While walking the Bloodthirsty Puppy this afternoon, it came to me: the 2012 presidential election will be between Hillary Clinton and Chris Christie. Long shot, probably won’t happen, but I will elaborate over time. Just remember where you heard it.

UPDATE:
These rumors of Obama dropping out or being pulled don’t just come out of the ether; they are planted. As Rush noted yesterday, when Mark Penn publicly opines on the issue, it’s the Clintons’ handiwork (he ran Hillary’s campaign); when James Carville tells Obama to panic (implying that he’s losing it), it’s the Clintons’ handiwork; when Larry Summers is quoted in a book as saying he and Peter Orszag are “home alone”, and that Bill Clinton would never have let things get to this state, that’s… well, you get the picture.

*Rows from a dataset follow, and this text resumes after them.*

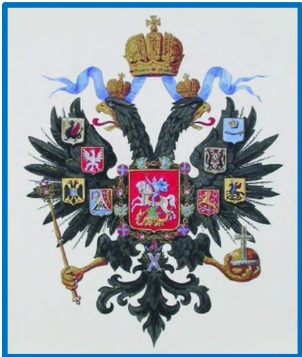
Герб Российской Империи 1856 года
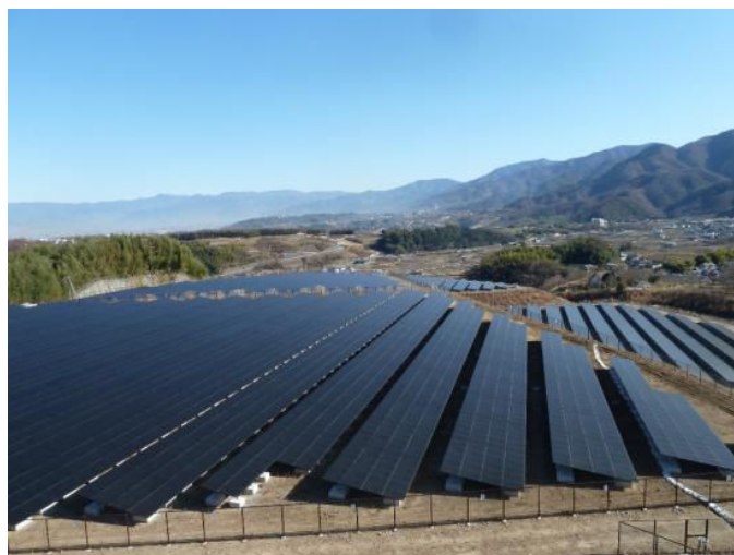
米倉山太陽光発電所

また、本県は平成24年1月に「富士の国やまなし次世代エネルギーパーク」として国から認定を受けており、本県の豊富なクリーンエネルギー資源と活用技術を県内外にPRするとともに、クリーンエネルギーへの理解を図るため、クリーンエネルギー施設と周遊ルートを広報していきます。
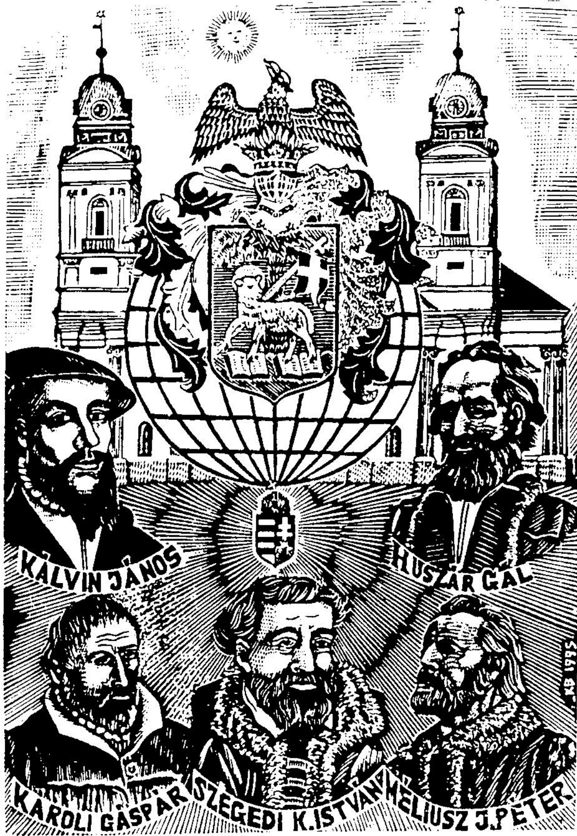
Kósa Bálint: Református pantheon (metszet)
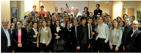
«Groupe Paris» lors de l'afterwork du 9/03/2011
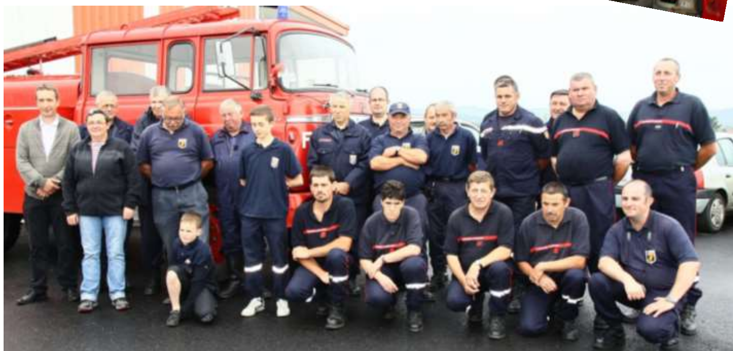
La dernière photo de famille
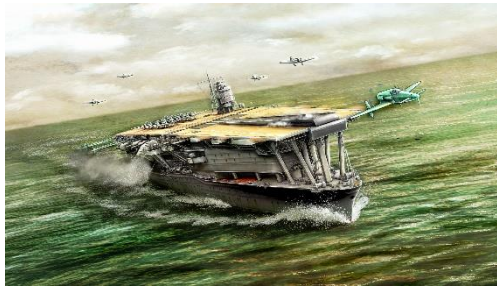
右：イメージイラスト
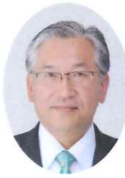
須賀川市長 橋本克也
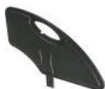
Kompozytowa odczepiana osłona boczna
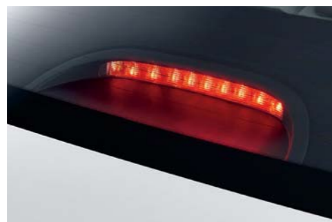
Faro de freno alto
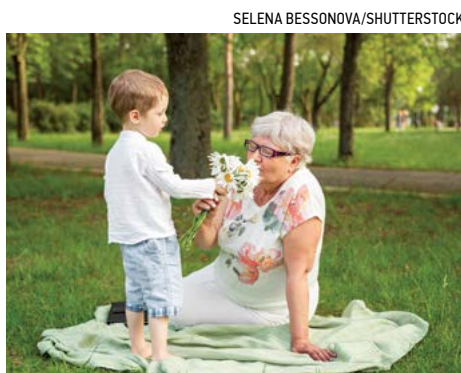
Tình yêu thương là vì tha và là lời kêu gọi những phần đức hạnh nhất của chúng ta thể hiện và phụng sự.

Khi người bán hàng hành xử thô lỗ, khi con của bạn ở tuổi thiếu niên

I’m not kidding. I thought Bill Clinton had been too quiet lately. But he’s talking plenty, just in whispers in people’s ears. I wonder if this lies behind Obama’s class warfare approach in recent days. If Hillary and the party establishment want to muscle him aside, they’re going to have to take on his base. It’s as if he’s saying, “now how tough do you feel?”

Just musing.

The Christie idea comes from the Sunday Fox news show in which Paul Gigot and William Kristol suggest that the Republican Party isn’t satisfied yet. There are articulate speakers, and there are conservatives—but not in the same body. Say what you will about Christie, his body can hold a lot.